Stored records

+ + +

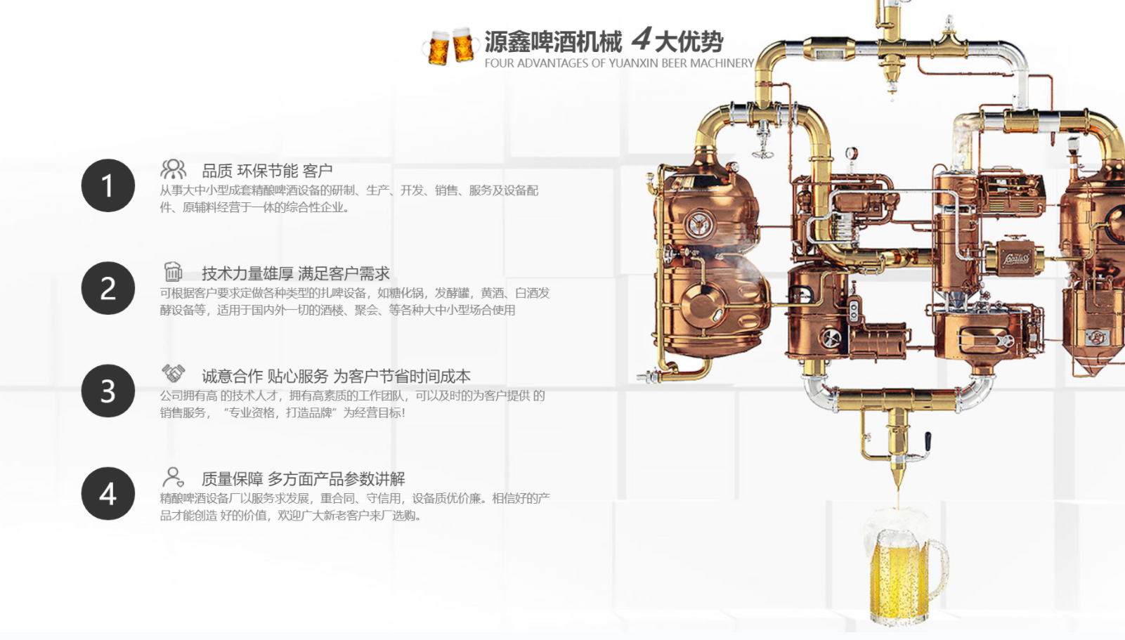 南陽市源鑫啤酒機械設備有限公司位于歷史文化名城一-南陽,從事大中小型成套啤酒、白酒自釀設備的研制、生產、開發(fā)、銷售、服務及設備配件、原輔料經營于一體的綜合性企業(yè)。公司可根據客戶要求定做各種類型的扎啤設備,如糖化鍋,發(fā)酵罐,黃酒、白酒發(fā)酵設備等,適用于國內外一切的酒樓、餐廳、家庭.聚會、酒吧等各種大、中、小型場合使用。公司擁有技術人才,擁有高素質的工作團隊,可以及時的為客戶提供**的銷售服務。公司以“專業(yè)資格,打造品牌”為經營目標,“卓越質量,信賴價格”為經營宗旨,以質量求生存,以服務求發(fā)展,重合同、守信用,設備質優(yōu)價廉。相信好的產品才能創(chuàng)造 好的價值,歡迎廣大新老客戶來廠選購。...
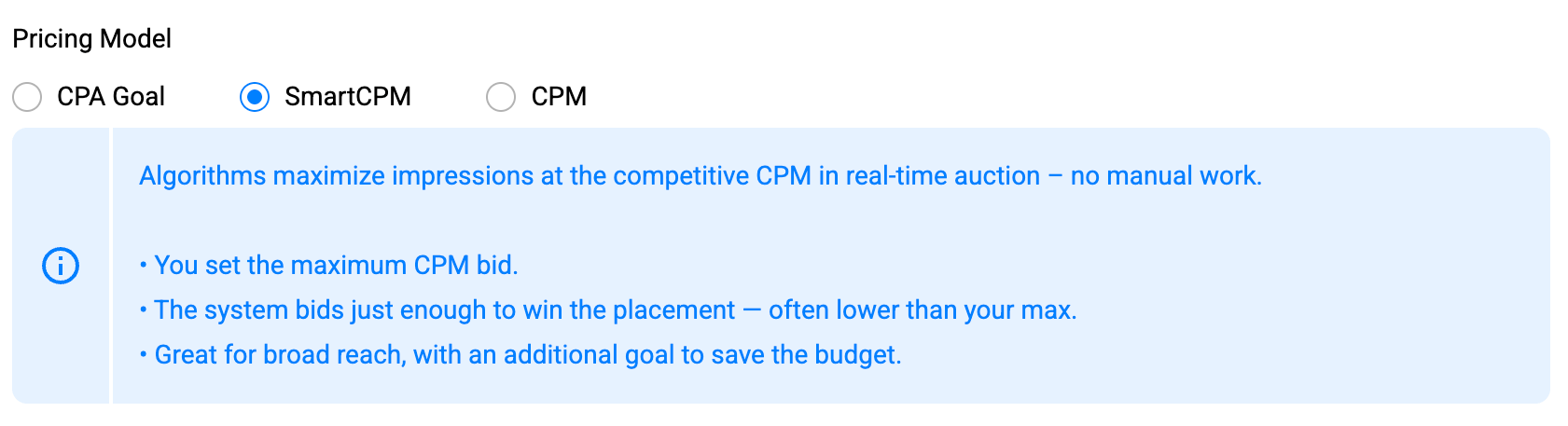 SmartCPM: this is an automated model based on the algorithms that maximize impressions at the competitive CPM in a real-time auction. The placed bids are optimal to win the placement – often lower than your max.
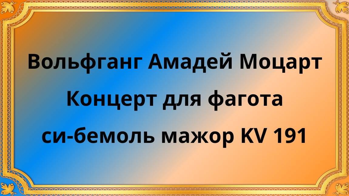 Вольфганг Амадей Моцарт Концерт для фагота си-бемоль мажор KV 191
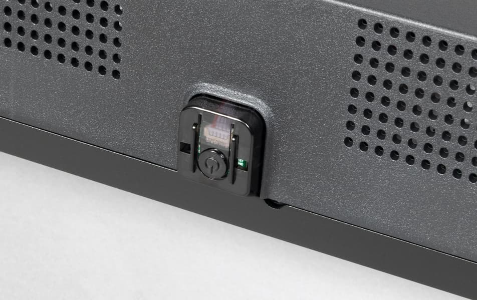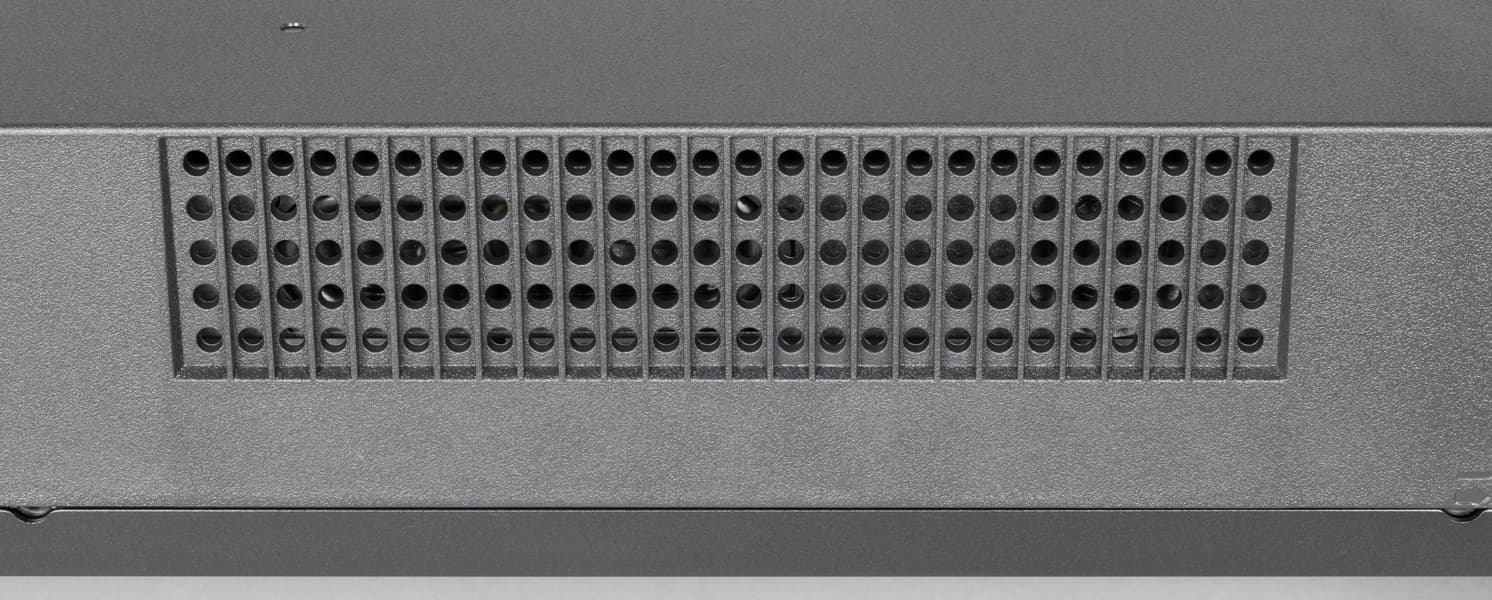 На пластиковом кожухе сверху, сзади и снизу есть вентиляционные решетки. За двумя решетками на нижнем торце можно разглядеть по паре громкоговорителей — среднечастотный с вытянутым диффузором и высокочастотный с круглым.
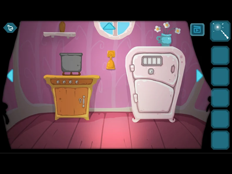 2. 多线索整合:部分谜题需结合多个场景的线索破解。例如,冰箱密码需观察冰箱图案与挂饰符号的对应关系,通过符号数值相加得出密码“1245”;灶台生火则需将冰箱上的按钮图案旋转至对应位置。
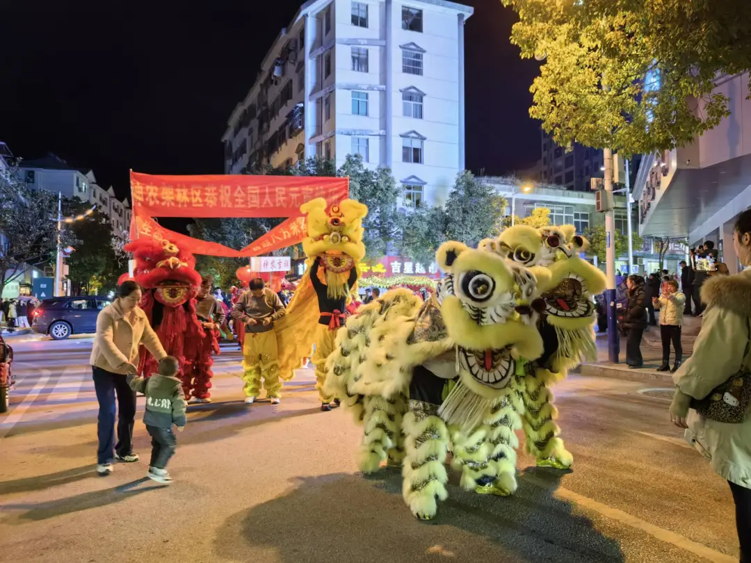 沿街商铺霓虹闪烁,居民楼上窗口都探出笑脸。龙狮队伍行进时,沿途不断有市民加入巡游队伍,自发跟着节奏鼓掌呐喊。相识的邻里互相招呼祝福,不认识的人们也因这场盛会相视而笑。
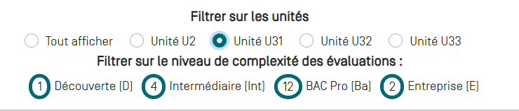 - l'affichage des compétences selon les unités professionnelles du diplôme,
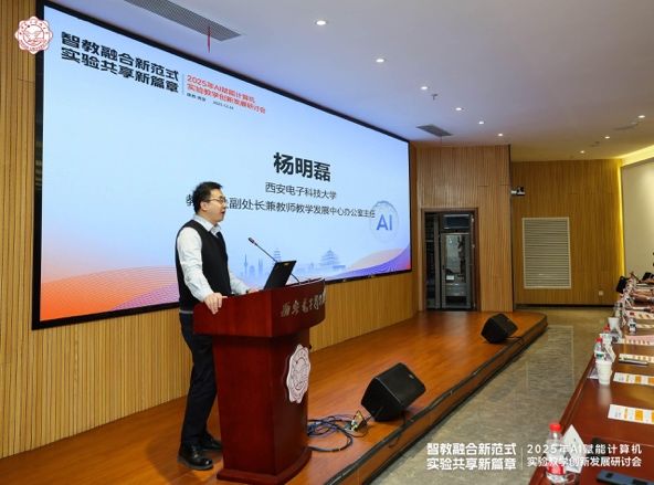 开幕仪式上,杨明磊首先代表学校致辞,热烈欢迎与会嘉宾。他指出,西电作为电子信息领域的重要人才培养和科技创新基地,始终致力于推动教育教学改革与信息技术深度融合。期待通过本次会议,搭建起一个高水平的交流平台,分享最新成果,碰撞思想火花,凝聚发展共识,共同推动计算机实验教学向更智能、更开放、更高效的方向发展。臧玉春代表中国高等教育学会教育信息化分会致辞。他表示,本次会议的主题,紧扣时代脉搏,聚焦关键问题,具有重要的理论价值和实践意义,并分享了自己的四点建议。李山山代表国家级实验教学中心联席会计算机学科组致辞,他强调实验教学是高等教育中不可或缺的一环,尤其在计算机学科中,它直接关系到学生工程能力、创新思维和解决复杂问题能力的培养。期待通过交流,推动形成以学生为中心、以能力为导向的智能实验教学新范式。
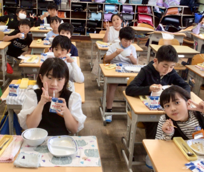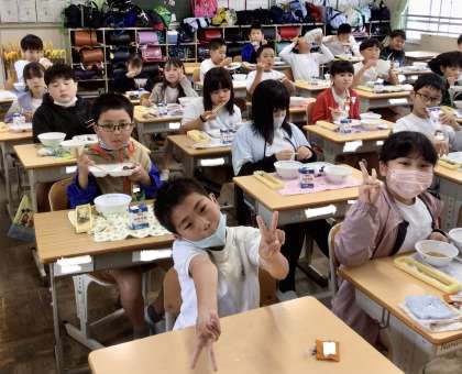 5月13日の梅坪小学校(7)4年生の会食風景
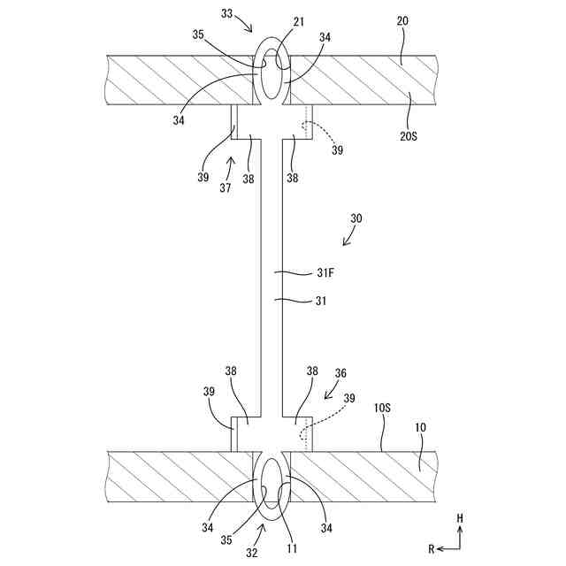 一般基板とエンド基板が、それらの板面と平行な方向へ相対変位した場合、基板間端子の姿勢が傾き、プレスフィット部もスルーホールの内部で姿勢を変化させる。プレスフィット部の姿勢がスルーホール内で変化すると、プレスフィット部の弾性変形量が変化することによって、プレスフィット部による保持力が低下したり、プレスフィット部とスルーホールの内周面との間の接触抵抗が変化したり、スルーホールの開口縁部が傷ついたりする等の不具合が懸念される。
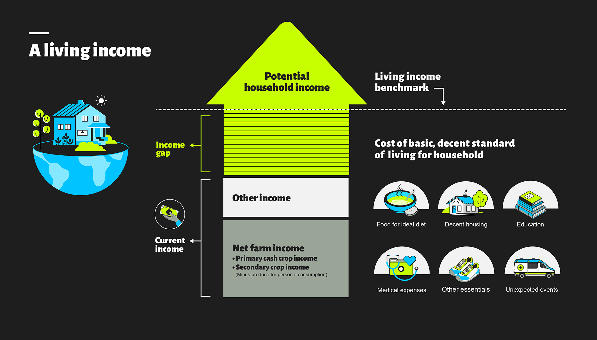 We consider a living income as the amount needed to provide for farm costs, their household needs like food, healthcare, housing, and education, plus some discretionary funds (for opportunities and emergencies).
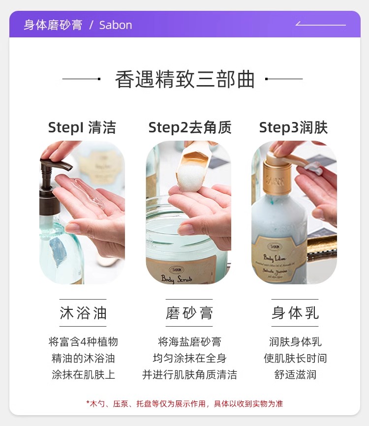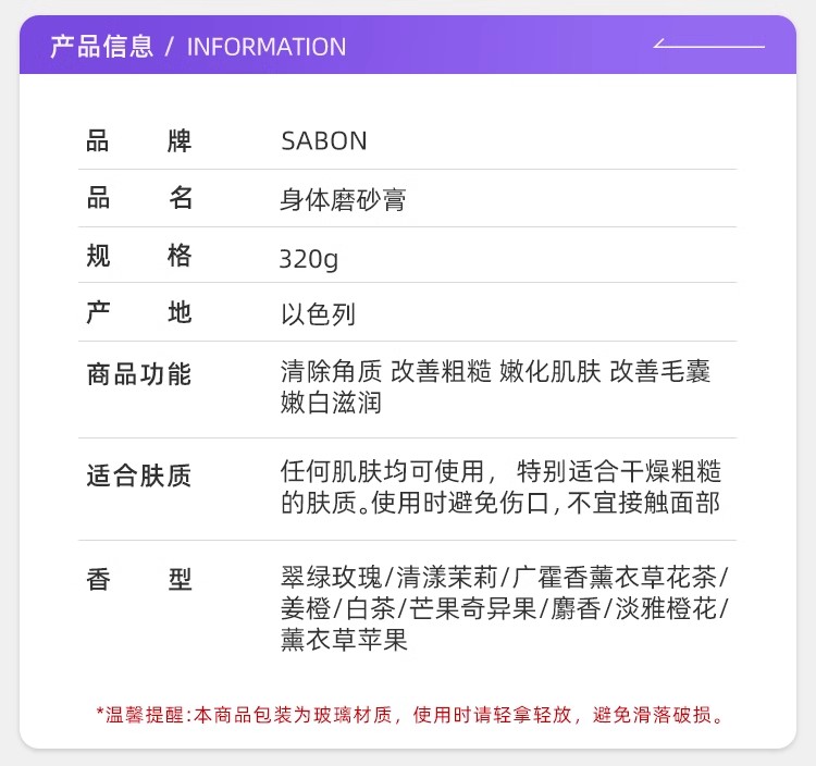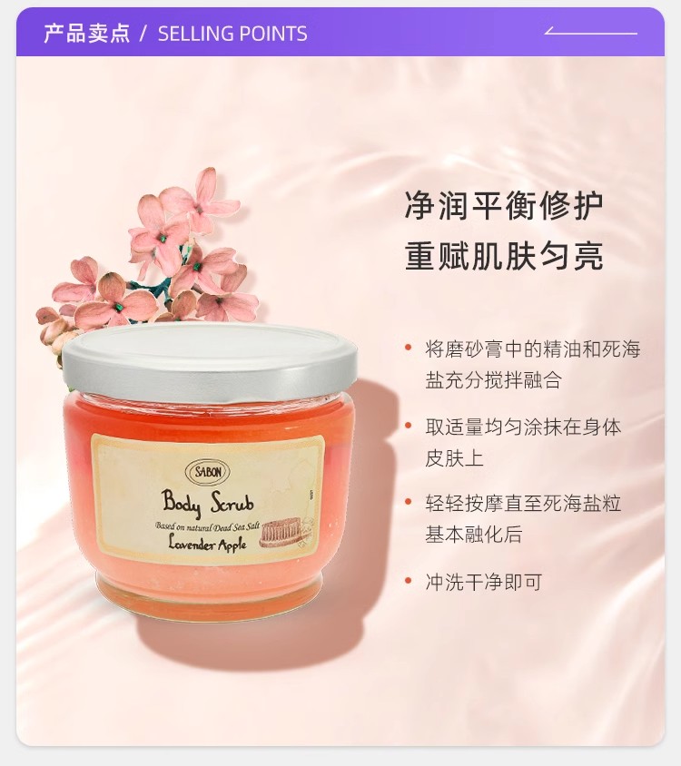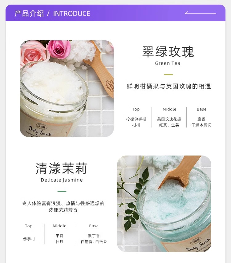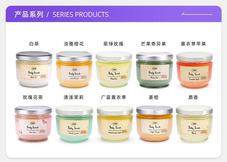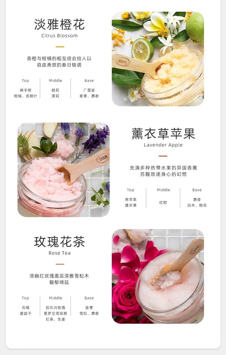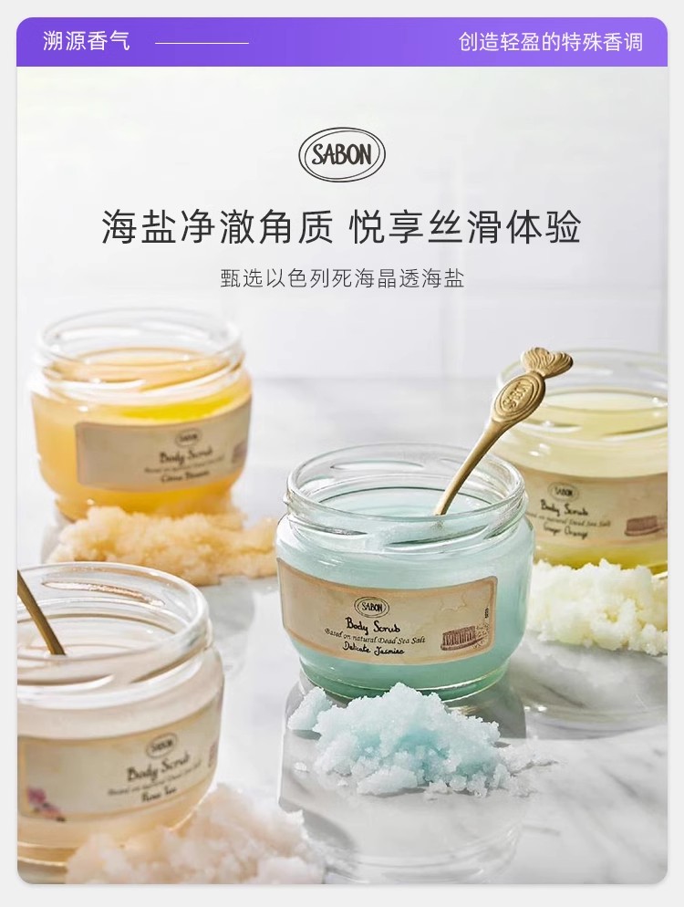 【保税仓】SABON绿玫瑰、茉莉花、白茶、薰衣草广藿香身体磨砂膏320g(无盒)

+ + +

:: What needs to be done ::
Please, leaving out all pictures, transcribe exactly the lines above from the one containing "一般基板とエンド基板が、それ" through the final line, both included.

:: Reply ::
 一般基板とエンド基板が、それらの板面と平行な方向へ相対変位した場合、基板間端子の姿勢が傾き、プレスフィット部もスルーホールの内部で姿勢を変化させる。プレスフィット部の姿勢がスルーホール内で変化すると、プレスフィット部の弾性変形量が変化することによって、プレスフィット部による保持力が低下したり、プレスフィット部とスルーホールの内周面との間の接触抵抗が変化したり、スルーホールの開口縁部が傷ついたりする等の不具合が懸念される。
 We consider a living income as the amount needed to provide for farm costs, their household needs like food, healthcare, housing, and education, plus some discretionary funds (for opportunities and emergencies).
 【保税仓】SABON绿玫瑰、茉莉花、白茶、薰衣草广藿香身体磨砂膏320g(无盒)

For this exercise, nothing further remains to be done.